Information provided:
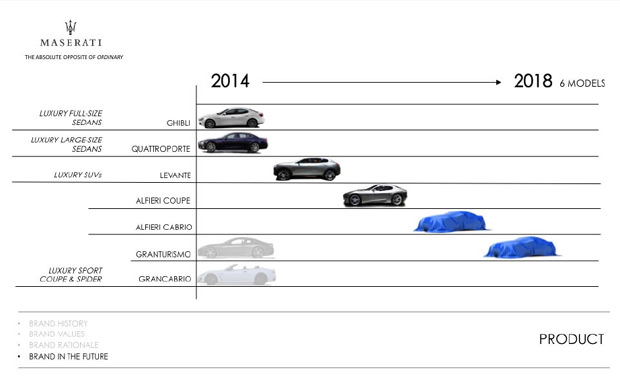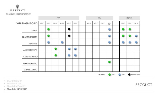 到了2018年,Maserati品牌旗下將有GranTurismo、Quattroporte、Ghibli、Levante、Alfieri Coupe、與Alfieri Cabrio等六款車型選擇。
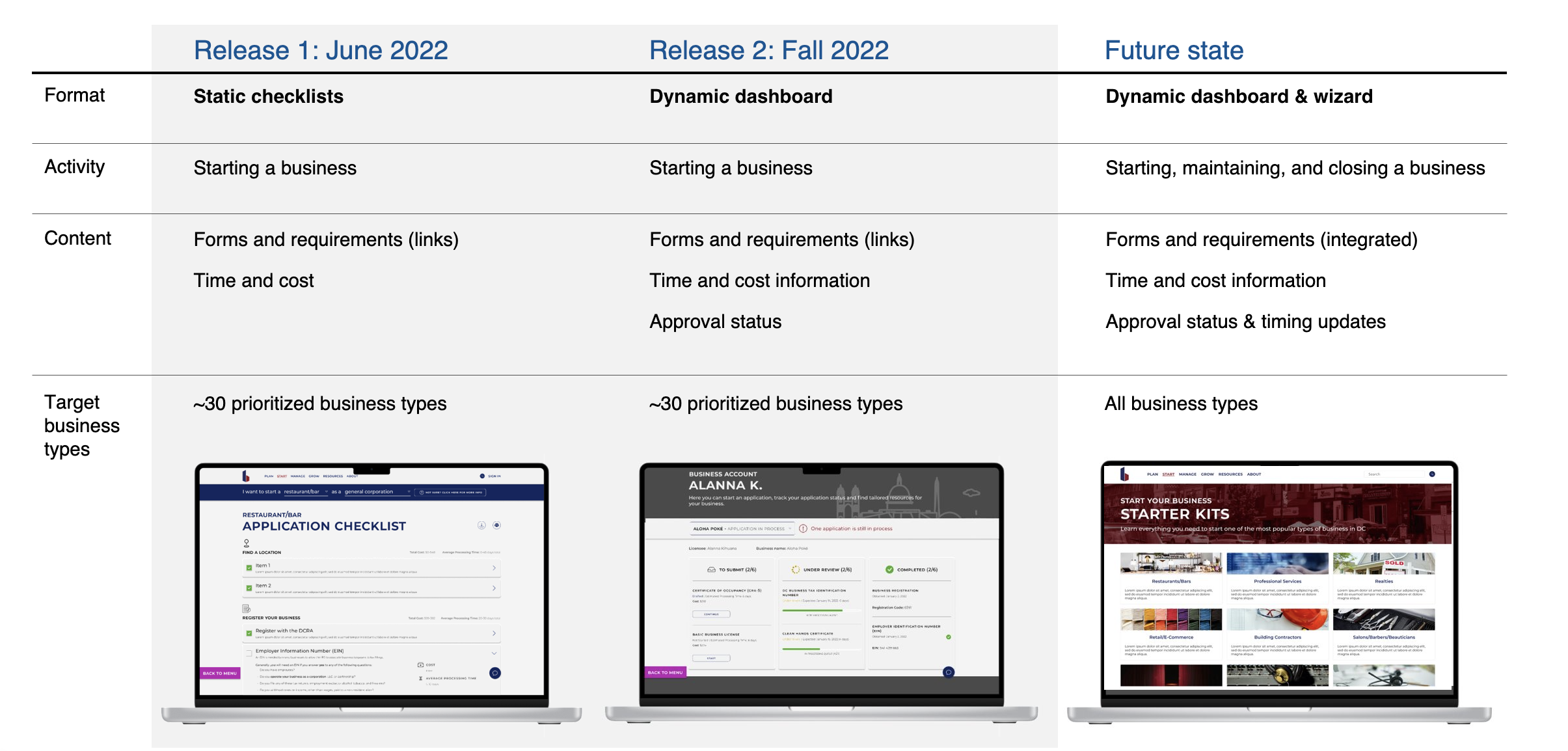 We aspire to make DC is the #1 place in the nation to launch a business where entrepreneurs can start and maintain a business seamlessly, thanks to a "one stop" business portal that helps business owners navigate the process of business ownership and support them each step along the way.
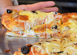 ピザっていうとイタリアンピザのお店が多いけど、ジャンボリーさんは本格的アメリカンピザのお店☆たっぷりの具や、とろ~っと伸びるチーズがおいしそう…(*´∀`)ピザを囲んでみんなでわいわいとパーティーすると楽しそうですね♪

About this task: What the task needs is the material above repeated exactly, pictures excepted.

Solution below:
 到了2018年,Maserati品牌旗下將有GranTurismo、Quattroporte、Ghibli、Levante、Alfieri Coupe、與Alfieri Cabrio等六款車型選擇。
 We aspire to make DC is the #1 place in the nation to launch a business where entrepreneurs can start and maintain a business seamlessly, thanks to a "one stop" business portal that helps business owners navigate the process of business ownership and support them each step along the way.
 ピザっていうとイタリアンピザのお店が多いけど、ジャンボリーさんは本格的アメリカンピザのお店☆たっぷりの具や、とろ~っと伸びるチーズがおいしそう…(*´∀`)ピザを囲んでみんなでわいわいとパーティーすると楽しそうですね♪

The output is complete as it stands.